Boyd Brown, a former South Carolina state representative, is a co-chair for Martin O’Malley’s presidential campaign in the state. Nonetheless, Brown told HuffPost that even among South Carolina Democrats who are skeptical of Hillary Clinton, lasting affection for the nation’s 42nd president remained unaffected by his unfortunate remarks from eight years ago.
“I think people remember it, but I think they have chosen to forgive -- maybe not forgive, but they’ve chosen to forget,” Brown said. “If Bill Clinton came down and told me to jump off a roof, I’d probably do it, and I think there are a lot of Democrats who feel the same way down here, so she should be using him any way she can.”
With the Iowa caucuses and New Hampshire primary both now appearing to be something close to a jump ball, and the possibility that Sen. Bernie Sanders (I-Vt.) could win both of the nation’s first two voting states no longer remote, Clinton backers are counting on South Carolina to be their electoral firewall.
And indeed, the HuffPost Pollster average currently shows her with a massive 41-point lead over Sanders in the state.
Though her husband’s status as an asset to her campaign here is clear, the reality of Hillary Clinton’s standing in South Carolina is not as unassailable as out-of-state pundits and prognosticators often assume it to be.
Instead, there is a consensus among plugged-in South Carolina Democrats that Sanders’ campaign operation here is formidable and more than capable of taking advantage of the resulting momentum that it inevitably will generate if he were to come out of the first two voting contests with a 2-0 record.
The question is not whether the polls in South Carolina would draw closer overnight, should Sanders win Iowa and New Hampshire, but rather how much they would tighten.
“If he has definitive wins in both those places, then I would say you could have a new day in South Carolina,” said Congressman Jim Clyburn, who has not endorsed a candidate for president. “But if it’s close and not definitive, I think South Carolina would be a pretty legitimate firewall for Secretary Clinton.”
Clyburn was among the South Carolina Democrats interviewed for this story who agreed that there was “absolutely not” any lingering ill will in the state directed toward President Clinton as a result of his 2008 comments.
With their universal name recognition, and deep and longstanding ties to the African-American community, there is no doubt that the Clintons have an ingrained edge in South Carolina over Sanders, whose core support thus far in the race has come from white liberals.
The common sentiment among Democrats here is that when it comes to connecting in South Carolina, Bernie’s no Barack.
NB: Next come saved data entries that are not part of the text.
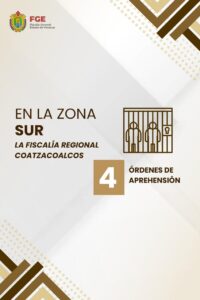 En lo que respecta a la zona sur, la Fiscalía Regional Coatzacoalcos cumplimentó 4 órdenes de aprehensión.
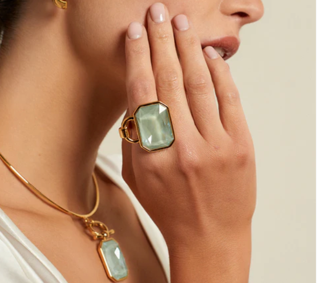 Anillo de Latón bañado en Oro con piedra Swarovski color agave
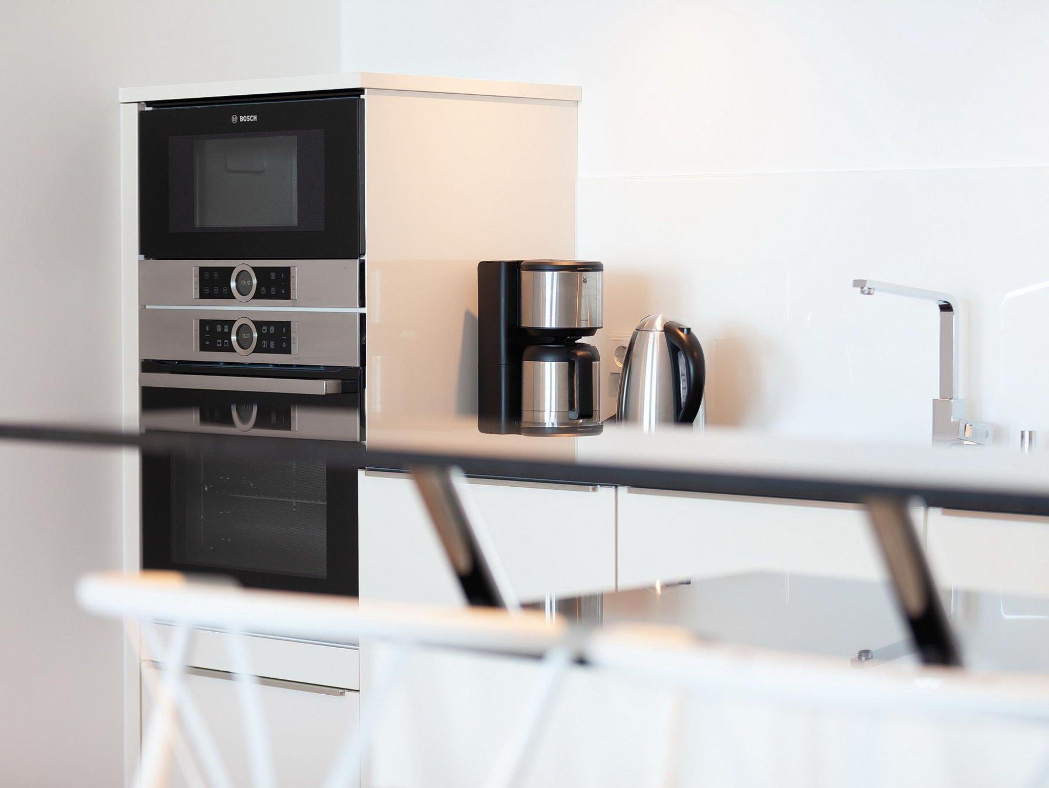 Wer gerne kocht, wird sich in der modernen, voll ausgestatteten Küchenzeile wohlfühlen. Sie verfügt über einen Herd mit 4 Ceranfeldern, einen Backofen, einen Geschirrspüler, einen Kühlschrank mit Gefrierkombination, einer Mikrowelle und diversen Küchenutensilien. Als Raumtrenner steht Ihnen ein Tresen als weitere Nutzfläche zur Verfügung. Der Küchenbereich wird ergänzt durch einen Esstisch mit Panoramablick.

In fact, he’s not even Bill.
“Especially in the South, he remains very, very revered,” Amanda Loveday, a South Carolina-based Democratic strategist, said of Bill Clinton.
Still, one thing about politics that the former president -- the “Comeback Kid” himself -- knows full well is that momentum can change everything.
And so can enthusiasm -- another potential red flag in assessing the durability of Hillary Clinton’s South Carolina edge.
“I’ve talked to people all over South Carolina who say they’re voting for Hillary, but it’s not with the same excitement as it was with Barack Obama,” Loveday said. “I do think there’s a group here -- I wouldn’t call them fair-weather fans --but if they see another leading candidate, they might change their vote.”